_Data shown:_
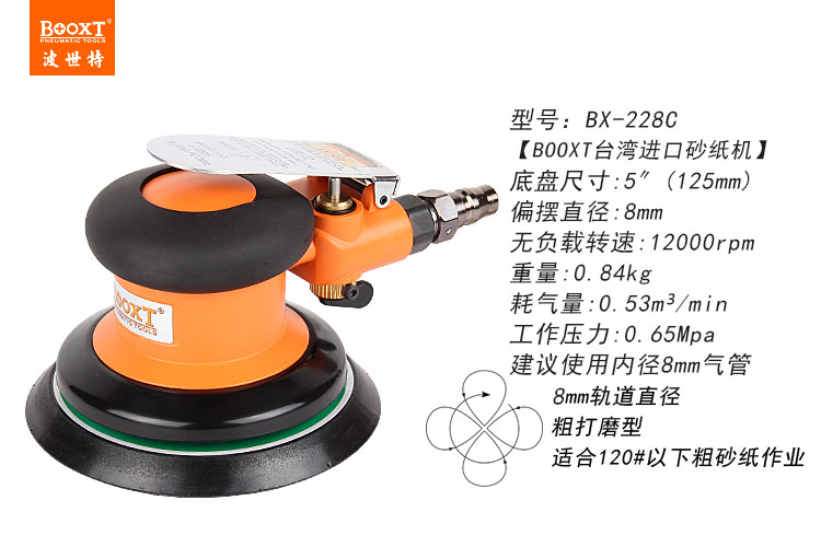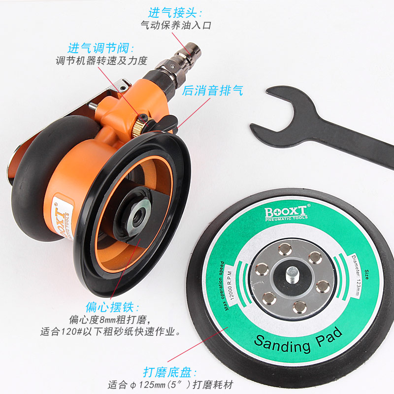 • 產(chǎn)品參數(shù): 底盤尺寸:5寸(125mm);空載轉(zhuǎn)速:12000rpm;偏擺直徑:8mm;重量:0.84kg;耗氣量:0.53m3/min;工作使用氣壓0.65Mpa,推薦使用8mm內(nèi)徑氣管,使用時(shí)多加氣動(dòng)油保養(yǎng)。
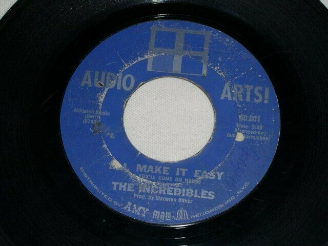 This is the original, vintage 45 rpm phonograph record by The Incredibles entitled, "I'll Make It Easy (if you'll come on home)". Flipside: "Crying Heart". Record label: Audio Arts: 60,001.
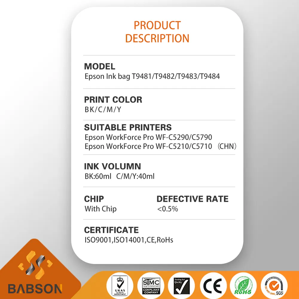 | Compatible for printers | Epson WorkForce Pro WF-C5290/C5790; WF-C5210/C5710 (CHN) |
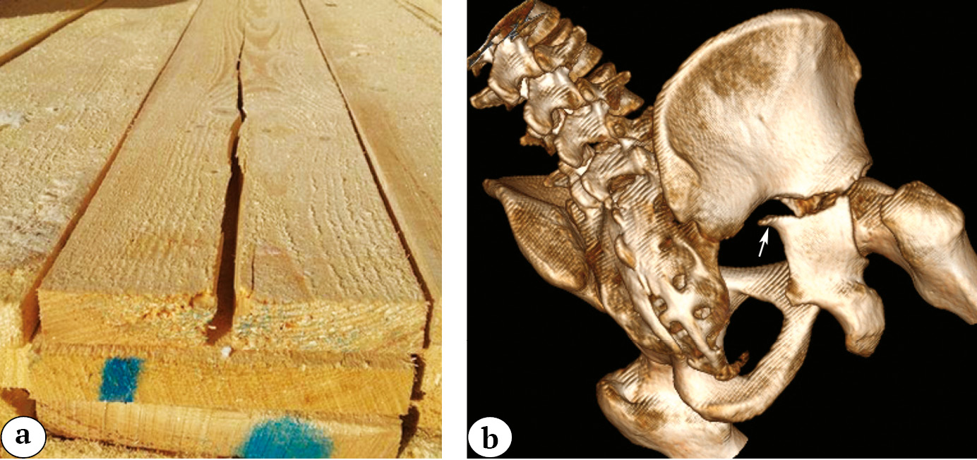 Fig. 13. Splitting of wood along fibers (a); splitting of the iliac bone along calcar trabeculae with formation of a sharp calcar spike (b)
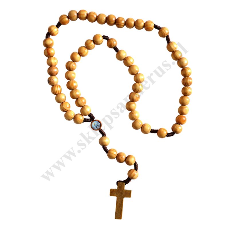 Drewniany różaniec na sznurku o długości 47 cm i średnicy koralika ok. 1.2 cm.

_What to produce:_ Reproduce the lines of the data that run from the one containing "WF-C5210/C5710 (CHN) |" to the final line, both included, exactly as they appear and without the pictures.

_Your response:_
 | Compatible for printers | Epson WorkForce Pro WF-C5290/C5790; WF-C5210/C5710 (CHN) |
 Fig. 13. Splitting of wood along fibers (a); splitting of the iliac bone along calcar trabeculae with formation of a sharp calcar spike (b)
 Drewniany różaniec na sznurku o długości 47 cm i średnicy koralika ok. 1.2 cm.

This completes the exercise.